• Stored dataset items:
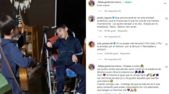 Santa Fé.- En esta provincia dos amiguitos, Santiago y Felipe, explotaron las redes sociales de amor y de ternura con un video haciendo música, pero en donde también demuestran el compañerismo y el verdadero sentimiento de amistad.Se hicieron conocidos, en el día previo al día del amigo en todo el país como los mejores amigos santafesinos, sueñan con recorrer el país llevando su música. Pero lo que nunca se imaginaron las familias, es que los videos los verían artistas como "La Sole" o Abel Pintos, ni mucho menos, que participarían de un programa en televisión.Las imagenes fueron publicadas por los padres de Felipe. En ellas, se los ve a el y a su amigo interpretando Luna Cautiva, de Los Chalchaleros. La mamá de Felipe explicó que compartió el momento luego de emocionarse con la actitud de los pequeños de 8 años: "Nosotros no venimos de una familia con tradición folklórica. Nada de eso. Incluso Feli comenzó a tocar la guitarra hace dos años, luego de que su abuela Ramona le regalara una que trajo de viaje". Felipe tiene clases dos veces por semana y también va a canto con el coach de Abel Pintos.Video:https://youtu.be/KfwNE5UiU7EVideos: Instagram @ _felipe.gutierrez.merce_"Nuestra relación con la música se vio potenciada a partir de esto. Ni siquiera poníamos música en casa, pero a partir de esto, con mi marido buscamos canciones para que Feli pueda conocer y luego cantar" explicó.Esta amistad a través de la música se transformó en una rutina de todos los martes que unió a estos dos amigos Santiago y Felipe. Ambos comparten una rutina que se repite cada martes luego de la escuela, cuando Santiago, a quien le gusta ir a ver a Felipe tocar y cantar en otros lugares, sale de su terapia y se dirige hacia la casa de su amiguito para cantar canciones y tocar el bombo."Viene a casa y pide la guitarra de Feli. Es un clásico de todos los martes que empezó como un juego. Fue por eso que yo subía los videos. Un día Feli le prestó el bombo y le enseñó a Santi cómo tocarlo", recordó Ivana.La mama de Santiago, indicó que su hijo padece una discapacidad desde nacimiento, la cual le impide caminar y le produjo una parálisis cerebral con retraso madurativo que le ocasionó una hemiplegia del lado derecho de su cuerpo."No podemos creer que un video haya generado tanto. Ellos lo hacen todos los martes sin excepción. Cuando Santi sale de una de sus terapias va directamente lo de Feli, con quien tiene una relación que no es frecuente en nenes chiquitos". También sostuvo que a su familia la apasiona el folclore, al punto de que suelen bailarlo en fiestas y peñas a las que acuden con frecuencia. "Nos juntamos con amigos o entre nosotros y guitarreamos. Solemos ir a festivales, como Cosquín o Jesús María. A Feli le encanta también. Incluso le gusta más bailar que cantar", expresó."No podemos mentirle en nada porque entiende todo. Le encanta el tenis y el fútbol, aunque no poder jugar lo pone triste. Pero con el andador logra estar al aire libre y jugar", agregó la mujer. "La relación que tiene con Santi es muy especial. Él ama tocar el bombo y pasar el tiempo junto a él. El grupo de la escuela es increíble, todos los compañeros lo esperan e incluyen. Es un nene muy feliz".Este domingo, los 'mejores amigos santafesinos' se presentarán en el programa de Telefé "La Peña de Morfi". Allí, llevarán su mensaje e interpretarán varios temas de los que practican cuando se reúnen.
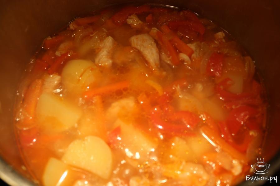 6. Посолите и добавьте столько воды, сколько ее необходимо по вашему мнению. Доведите суп до кипения, убавьте огонь и томите его под крышкой еще 25 минут.
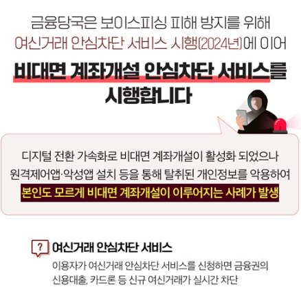 나도 모르게 개설된 계좌 알림에 깜짝 놀라셨죠? 점점 교묘해지는 보이스피싱 등 금융범죄. 이제는 걱정 NO! 비대면 계좌개설을 한 번에 차단하는 방법, 지금 영상에서 확인하세요. - 정책브리핑
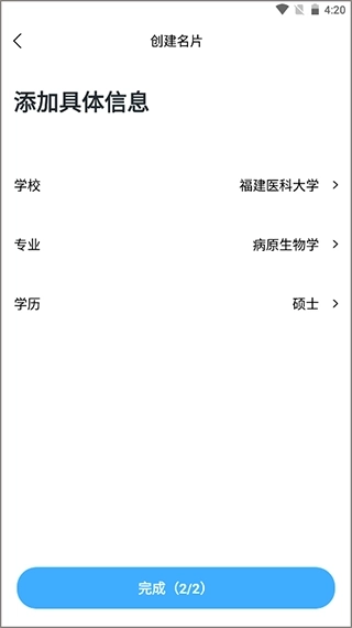 3、这时候要选择具体的信息了,因为我选择的是医学生身份,所以需要选定所在学校、专业以及学历,这些信息都选好后,点击完成按钮就可以了。
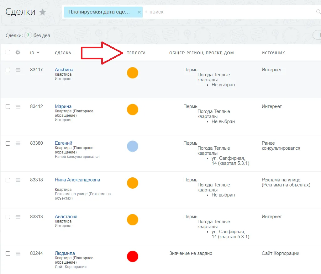 Но нет наглядности при работе с ним. Графическая маркировка, напротив, позволит легко фильтровать сделки, у которых критичны сроки. Для визуального отображения теплоты согласован следующий вариант градации:;

• Work instruction:
Keep the pictures out and print all the records exactly as they are.

• Answer to the exercise:
 Santa Fé.- En esta provincia dos amiguitos, Santiago y Felipe, explotaron las redes sociales de amor y de ternura con un video haciendo música, pero en donde también demuestran el compañerismo y el verdadero sentimiento de amistad.Se hicieron conocidos, en el día previo al día del amigo en todo el país como los mejores amigos santafesinos, sueñan con recorrer el país llevando su música. Pero lo que nunca se imaginaron las familias, es que los videos los verían artistas como "La Sole" o Abel Pintos, ni mucho menos, que participarían de un programa en televisión.Las imagenes fueron publicadas por los padres de Felipe. En ellas, se los ve a el y a su amigo interpretando Luna Cautiva, de Los Chalchaleros. La mamá de Felipe explicó que compartió el momento luego de emocionarse con la actitud de los pequeños de 8 años: "Nosotros no venimos de una familia con tradición folklórica. Nada de eso. Incluso Feli comenzó a tocar la guitarra hace dos años, luego de que su abuela Ramona le regalara una que trajo de viaje". Felipe tiene clases dos veces por semana y también va a canto con el coach de Abel Pintos.Video:https://youtu.be/KfwNE5UiU7EVideos: Instagram @ _felipe.gutierrez.merce_"Nuestra relación con la música se vio potenciada a partir de esto. Ni siquiera poníamos música en casa, pero a partir de esto, con mi marido buscamos canciones para que Feli pueda conocer y luego cantar" explicó.Esta amistad a través de la música se transformó en una rutina de todos los martes que unió a estos dos amigos Santiago y Felipe. Ambos comparten una rutina que se repite cada martes luego de la escuela, cuando Santiago, a quien le gusta ir a ver a Felipe tocar y cantar en otros lugares, sale de su terapia y se dirige hacia la casa de su amiguito para cantar canciones y tocar el bombo."Viene a casa y pide la guitarra de Feli. Es un clásico de todos los martes que empezó como un juego. Fue por eso que yo subía los videos. Un día Feli le prestó el bombo y le enseñó a Santi cómo tocarlo", recordó Ivana.La mama de Santiago, indicó que su hijo padece una discapacidad desde nacimiento, la cual le impide caminar y le produjo una parálisis cerebral con retraso madurativo que le ocasionó una hemiplegia del lado derecho de su cuerpo."No podemos creer que un video haya generado tanto. Ellos lo hacen todos los martes sin excepción. Cuando Santi sale de una de sus terapias va directamente lo de Feli, con quien tiene una relación que no es frecuente en nenes chiquitos". También sostuvo que a su familia la apasiona el folclore, al punto de que suelen bailarlo en fiestas y peñas a las que acuden con frecuencia. "Nos juntamos con amigos o entre nosotros y guitarreamos. Solemos ir a festivales, como Cosquín o Jesús María. A Feli le encanta también. Incluso le gusta más bailar que cantar", expresó."No podemos mentirle en nada porque entiende todo. Le encanta el tenis y el fútbol, aunque no poder jugar lo pone triste. Pero con el andador logra estar al aire libre y jugar", agregó la mujer. "La relación que tiene con Santi es muy especial. Él ama tocar el bombo y pasar el tiempo junto a él. El grupo de la escuela es increíble, todos los compañeros lo esperan e incluyen. Es un nene muy feliz".Este domingo, los 'mejores amigos santafesinos' se presentarán en el programa de Telefé "La Peña de Morfi". Allí, llevarán su mensaje e interpretarán varios temas de los que practican cuando se reúnen.
 6. Посолите и добавьте столько воды, сколько ее необходимо по вашему мнению. Доведите суп до кипения, убавьте огонь и томите его под крышкой еще 25 минут.
 나도 모르게 개설된 계좌 알림에 깜짝 놀라셨죠? 점점 교묘해지는 보이스피싱 등 금융범죄. 이제는 걱정 NO! 비대면 계좌개설을 한 번에 차단하는 방법, 지금 영상에서 확인하세요. - 정책브리핑
 3、这时候要选择具体的信息了,因为我选择的是医学生身份,所以需要选定所在学校、专业以及学历,这些信息都选好后,点击完成按钮就可以了。
 Но нет наглядности при работе с ним. Графическая маркировка, напротив, позволит легко фильтровать сделки, у которых критичны сроки. Для визуального отображения теплоты согласован следующий вариант градации:;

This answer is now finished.